Note that an ExplicitEncoderDecoderPrompt may not
be used as an input to a decoder-only model,
and that the `encoder_prompt` and `decoder_prompt`
fields of this data structure may not themselves
must be SingletonPromptInputs instances.
"""
encoder_prompt: SingletonPromptInputs
decoder_prompt: SingletonPromptInputs
Example usage:
enc_dec_prompt = ExplicitEncoderDecoderPrompt(
encoder_prompt="Summarize this text:",
decoder_prompt="Summary:"
)
Generating Text
To generate text with an encoder-decoder model, use the generate
method of the LLM
instance. You can pass a single prompt, or a list of prompts, along with sampling parameters:
from aphrodite import SamplingParams
sampling_params = SamplingParams(
temperature=0,
top_p=1.0,
min_tokens=0,
max_tokens=20,
)
outputs = llm.generate(prompts, sampling_params)
The generate
method returns a list of RequestOutput
objects containing the generated text and other information.
Advanced Usage
Mixing Input Types
You can mix different input types in a single generation request:
prompts = [
single_text_prompt_raw,
single_text_prompt,
single_tokens_prompt,
enc_dec_prompt1,
enc_dec_prompt2,
enc_dec_prompt3
]
outputs = llm.generate(prompts, sampling_params)
Batching Encoder and Decoder Prompts
For efficient processing of multiple encoder-decoder pairs, use the zip_enc_dec_prompt_lists
helper function:
from aphrodite.common.utils import zip_enc_dec_prompt_lists
zipped_prompt_list = zip_enc_dec_prompt_lists(
['An encoder prompt', 'Another encoder prompt'],
['A decoder prompt', 'Another decoder prompt']
)
Accessing Generated Text
After generation, you can access the generated text and other information from the RequestOutput
objects:
for output in outputs:
prompt = output.prompt
encoder_prompt = output.encoder_prompt
generated_text = output.outputs[0].text
print(f"Encoder prompt: {encoder_prompt!r}, "

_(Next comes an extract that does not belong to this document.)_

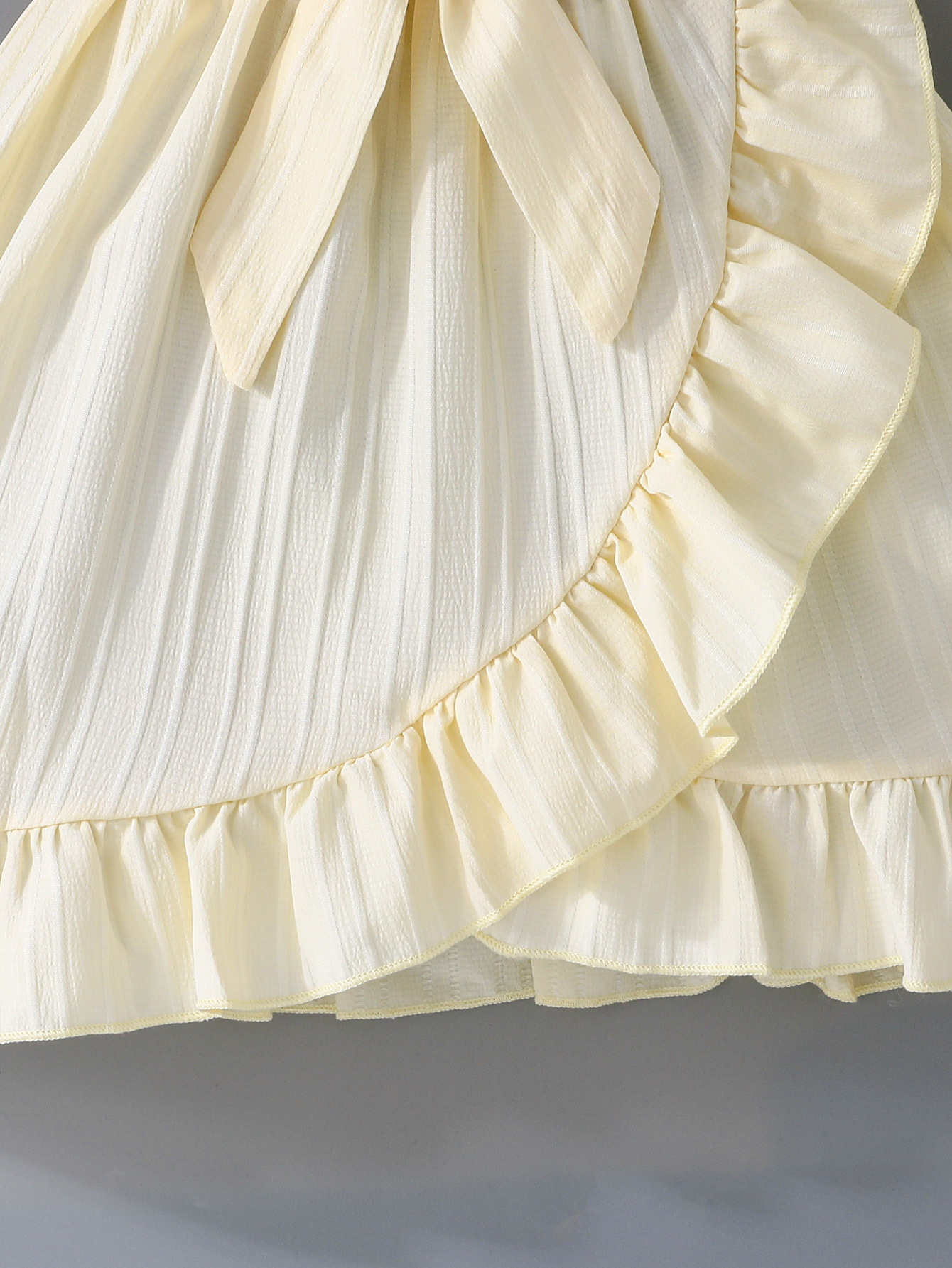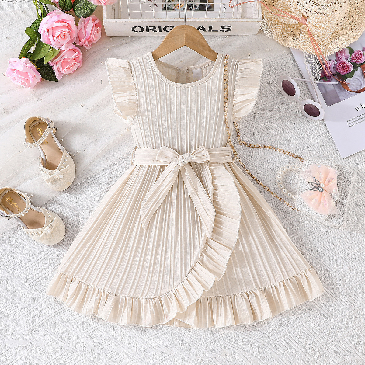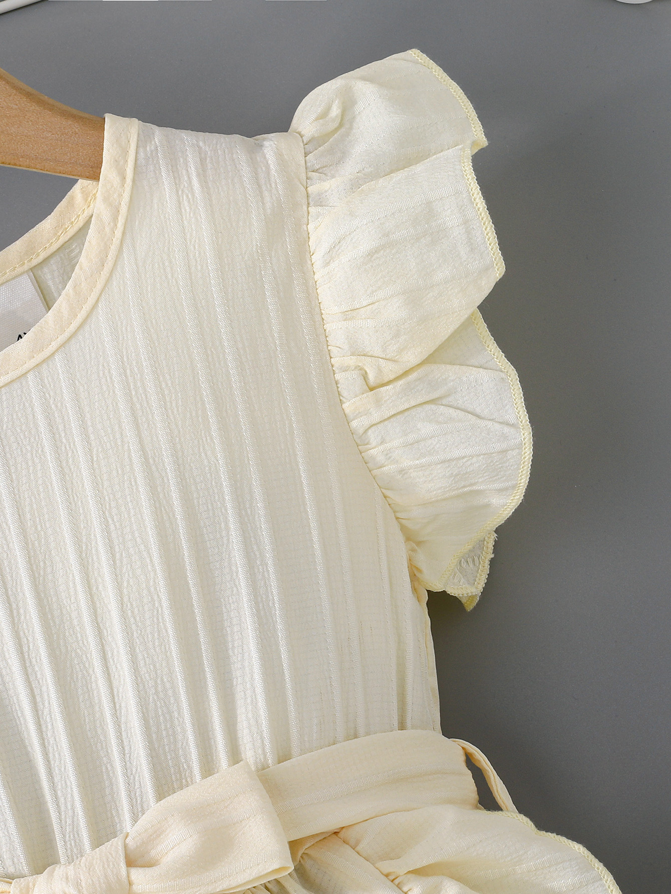 여름 패션 국경 간 전자 상거래 소녀의 웨이브 스트립 플라잉 슬리브 라운드 넥 프릴 벨트 외국 스타일 드레스

f"Decoder prompt: {prompt!r}, "
f"Generated text: {generated_text!r}")
API Reference
LLM Class
The LLM
class in the aphrodite.endpoints.llm
module is the main interface for working with both decoder-only and encoder-decoder models.
Key methods:
__init__(self, model: str, ...)
: Initialize an LLM instance with the specified model.generate(self, prompts: Union[PromptInputs, Sequence[PromptInputs]], ...)
: Generate text based on the given prompts and sampling parameters.
Input Types
TextPrompt
: Represents a text prompt.TokensPrompt
: Represents a tokenized prompt.ExplicitEncoderDecoderPrompt
: Represents an explicit encoder-decoder prompt pair.
RequestOutput
The RequestOutput
class in the aphrodite.common.outputs
module contains the results of a generation request.
Key attributes:
prompt
: The input (decoder prompt for encoder-decoder models).encoder_prompt
: The encoder prompt for encoder-decoder models.outputs
: A list ofCompletionOutput
objects containing the generate text and other information.
For detailed info on these classes and their methods, please refer to the source code.